Add an FAQ to a page

If you answer the same three questions in every other email, your website should be answering them for you — and the question-and-answer format happens to be exactly what Google and AI assistants love to quote. One section, two jobs done.

How it works

  1. Get your access prompt. Log in to bernard, open your site, and copy the prompt from Edit with AI (it contains a key that works for 12 hours).
  2. Paste it into your AI — ChatGPT, Claude, Gemini, whichever you already use — then ask in your own words, or use the prompt below.
  3. Approve. The AI sends back a preview link. Check every answer is accurate — these are promises to customers — press Approve, and it's live.

Give the AI your real answers rather than asking it to guess: it's under bernard's rules never to invent prices, policies or claims, so it will ask you for anything it doesn't know.

The prompt

Add an FAQ section to my [name of the page] page answering the questions people actually ask me: [list the questions, and the answers if you have them ready].

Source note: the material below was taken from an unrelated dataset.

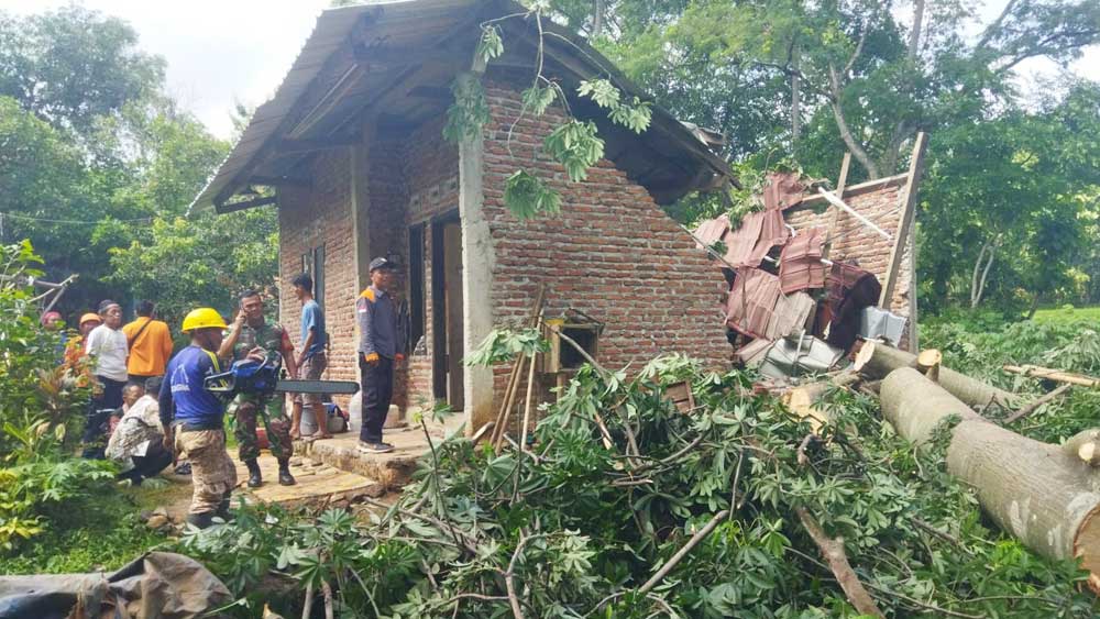 Akibatnya, dinding dan atap rumah tersebut ambruk, tertimpa pohon randu berusia puluhan tahun ini.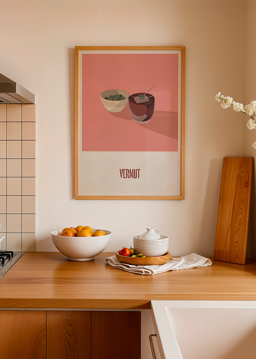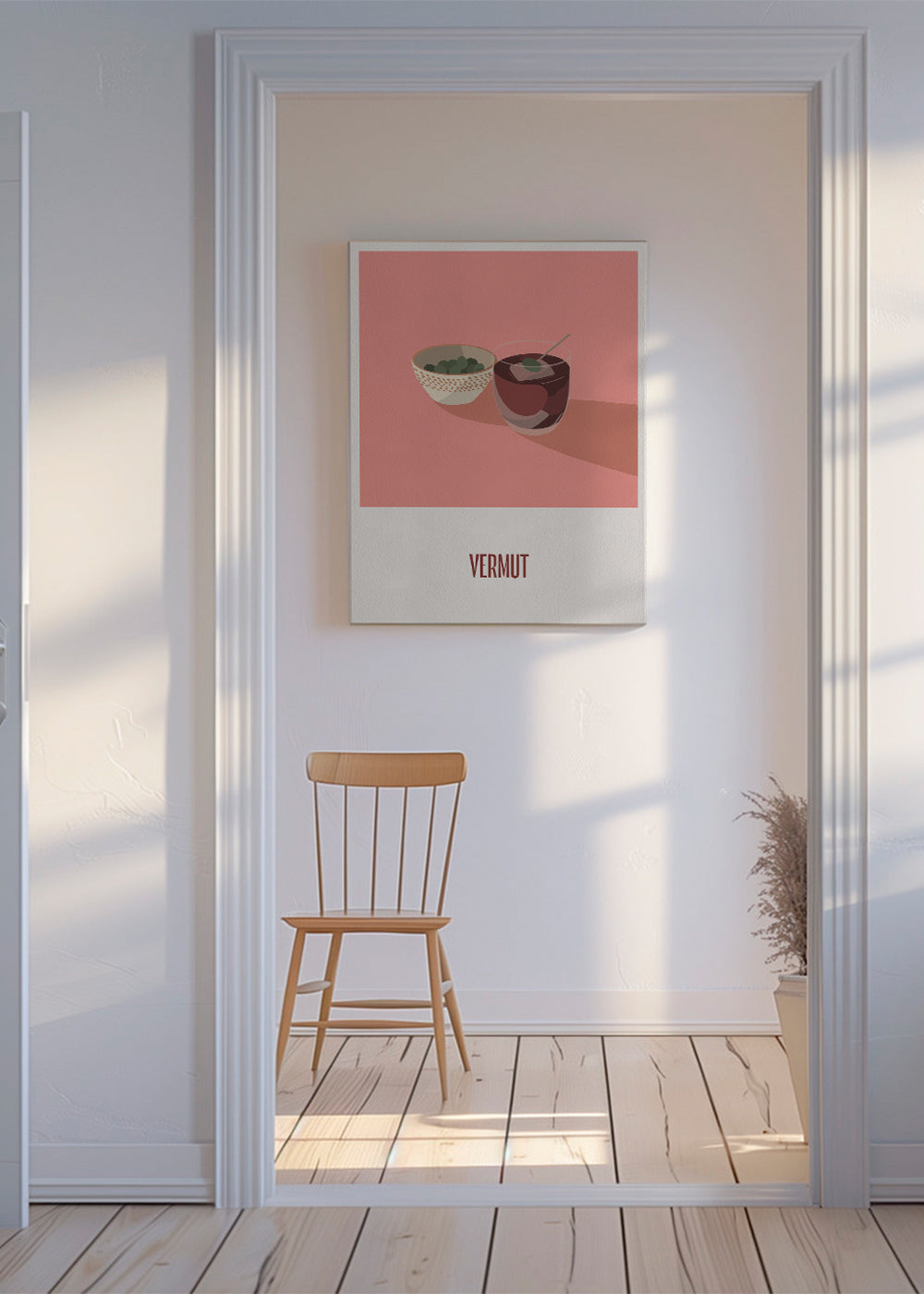 Una obra de nuestro repertorio de cuadros de licores y cocktails, de la mano de Nerea Ramírez, con toques naranjas, y de formato vertical. Llena tu cocina de arte combinando esta obra con otros diseños ideales para cocina. La combinación perfecta de originalidad y diseño.

The [bracketed] parts are yours to fill in. First time? Log in to bernard → your site → Edit with AI → copy your access prompt, paste that into your AI first, then ask the above.

Questions people ask

How do I add a frequently asked questions section to my website?
If your site is hosted with bernard, tell your AI — ChatGPT, Claude or Gemini — the questions you keep getting asked, and it builds the section in your site's own style. You check it on a preview, and nothing goes live until you press Approve.
Does an FAQ help my site show up in Google and AI answers?
Yes — clearly phrased questions and short factual answers are exactly the format search engines and AI assistants lift answers from. An honest FAQ is one of the best things you can add for being found.
What questions should go in it?
The ones real people actually send you — about postage, commissions, sizes, visits, returns. Open your inbox, copy the last five questions you answered, and give those to the AI. Don't invent questions nobody asks.